Most organizations don’t have a solid talent management strategy, according to a 2015 report from Bersin by Deloitte, resulting in individuals and organizations that fall short of their potential.
And, as Ram Charan describes in The Leadership Pipeline, leadership at every level is needed for company survival. CCL helps organizations look at the leadership development needs up, down and across the organization — and pay attention to often-overlooked segments of employees, including Millennials.
It’s become trendy to talk about Millennials — those in their 20s through mid-30s — as a different species in the workplace. Millennials can’t take criticism, they want constant acclaim, they are entitled. They are too attached to their devices. They expect a job to be fulfilling.
Assumptions and stereotypes, anecdotes and personal experience can fuel these perceptions among older managers and, yes, even talent professionals. It may surprise you that Millennials want essentially the same things most employees want. Recent studies point to no generational differences in key areas.
A 2012 analysis of 20 studies and 19,691 people found that generation had nothing to do with employees’ job satisfaction, organizational commitment or turnover intentions (Constanza, et al. Journal of Business and Psychology. Generational Differences in Work-Related Attitudes: A Meta-analysis).
An IBM Study (Myths, Exaggerations and Uncomfortable Truths) of 1,784 employees, in 12 countries and from six industries had similar findings, including:
- Millennials have similar career aspirations as other generations; they desire financial security and seniority.
- Millennials don’t really want a trophy; they want a leader who is ethical and fair and they want performance-based recognition and promotions, just like older groups.
- Millennials don’t really want to do everything online and virtually. When learning something new, they want face-to-face interaction.
- Millennials leave their organizations for the same reasons as other generations — to get ahead, enter the fast-lane, to make money.
What We All Want
CCL’s research has also found no differences in what different generations think makes a leader effective.1 We all want a leader who is participative, team-oriented, charismatic and humane-oriented. And — especially relevant for talent-management efforts — we found no differences among generations with regard to attitudes, beliefs and preferences about development and learning at work. We all want on-the-job training, discussion groups, peer feedback, live classroom instruction and one-on-one coaching.
What gives the feeling of a generation gap? The level in the organization — your role — is a differentiator. Where you sit in the organization explains employee motivation more than generation2&.
So, how do you develop talent strategies for Millennials?
First, do the same things you know work for you and for other generations. Give support, create opportunities, help find a good match between skills, interests and business needs. And tailor learning and development based on level. Whether a Millennial is an individual contributor, a first-time manager, a high-potential or a proven leader, give them access to relevant programs and experiences that benefit them now, and prepare them to take on something new.

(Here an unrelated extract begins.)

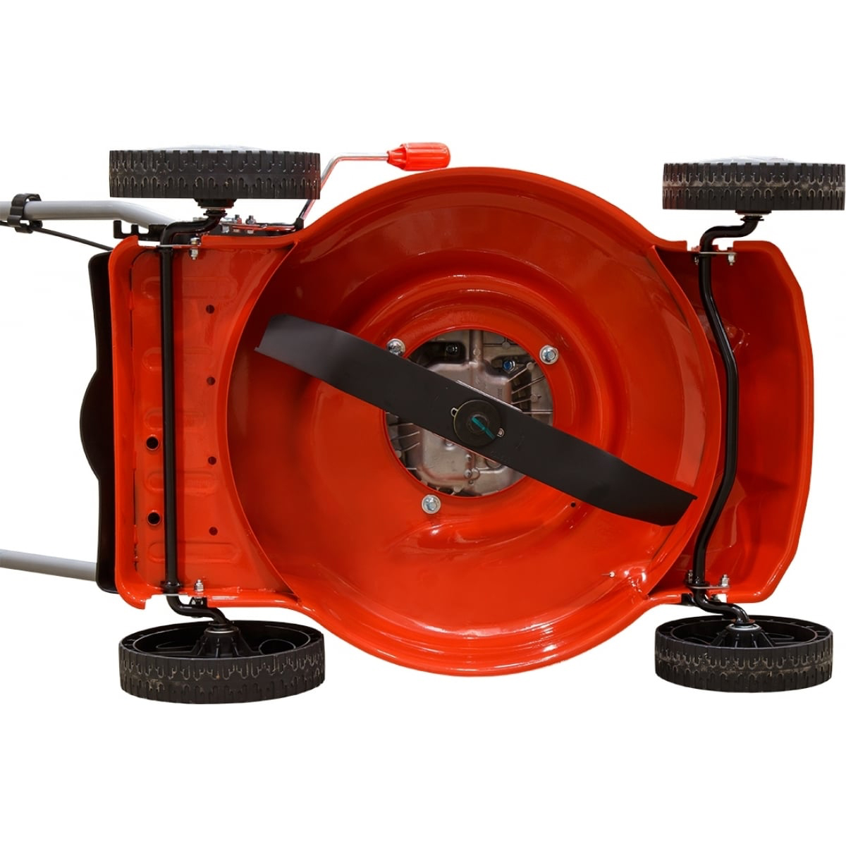 Бензиновая газонокосилка ECO LG-533 - агрегат для ухода за газоном на частном участке.Удобство использования. Регулируемая от 25 до 75 мм высота скашивания позволяет подстригать газон на любую необходимую высоту.Корпус из стали надежно защищает внутренние элементы агрегата от повреждений и внешних воздействий.Вместительный травосборник позволяет реже опорожнять его от скошенной травы.Технические характеристики ECO LG-533Самоходная: нетМодель двигателя: MX150Мощность (кВт): 2.9Мощность (л.с.): 4Мульчирование: нетШирина скашивания: 46 смОбъем двигателя: 149 см³Тип ручки: складнаяТравосборник: естьАвтозапуск: нетПлощадь: 1800 м²Кол-во режимов регулировки высоты: 7Регулировка высоты: центральнаяБольшие задние колеса: естьГабариты без упаковки: 1462 х 525 х 1100 ммВес нетто: 22.5 кгТип двигателя: бензиновыйТип травосборника: мягкий с жестким верхомВысота скашивания max: 75 ммВысота скашивания min: 25 ммМатериал корпуса: стальОбъем травосборника: 60 лЧастота вращения шпинделя: 2800 об/минВыброс травы: заднийЕмкость топливного бака: 0.8 лПривод на нож: прямойНаличие индикатора заполнения: нетКолеса: на подшипникахОбъем масляного бака: 0.4 лДиаметр колес: 178/203 ммПреимущества ECO LG-533Стальной корпус - высокая прочностьМягкая накладка на рукоятке обеспечивает удобство удержания агрегатаВысота скашивания удобно регулируется в 7 положениях при помощи рычагаНадежный двигательКолеса оснащены подшипниками для более комфортного перемещения

CCL’s Leader Development Roadmap helps you match the right learning at the right time for each leader, whether it’s Leading Self, Leading Others, Leading Managers, Leading The Function, or Leading The Organization. By focusing on the skills critical for success at each level, your organization can see faster results.
1Deal, J. J., Stawiski, S. A. Gentry, W. A., & Cullen, K. L. (2013). What makes a leader effective? U.S. Boomers, Xers, and Millennials weigh in. [White Paper]. Greensboro, NC: Center for Creative Leadership. Research was also conducted in the UK, South Africa and India.
2Deal, J. J., Stawiski, S., Graves, L., Gentry, W. A., Weber, T. J., & Ruderman, M. R. (2013). Motivation at work: Which matters more, generation or managerial level? Consulting Psychology Journal: Practice and Research, 65, 1-16.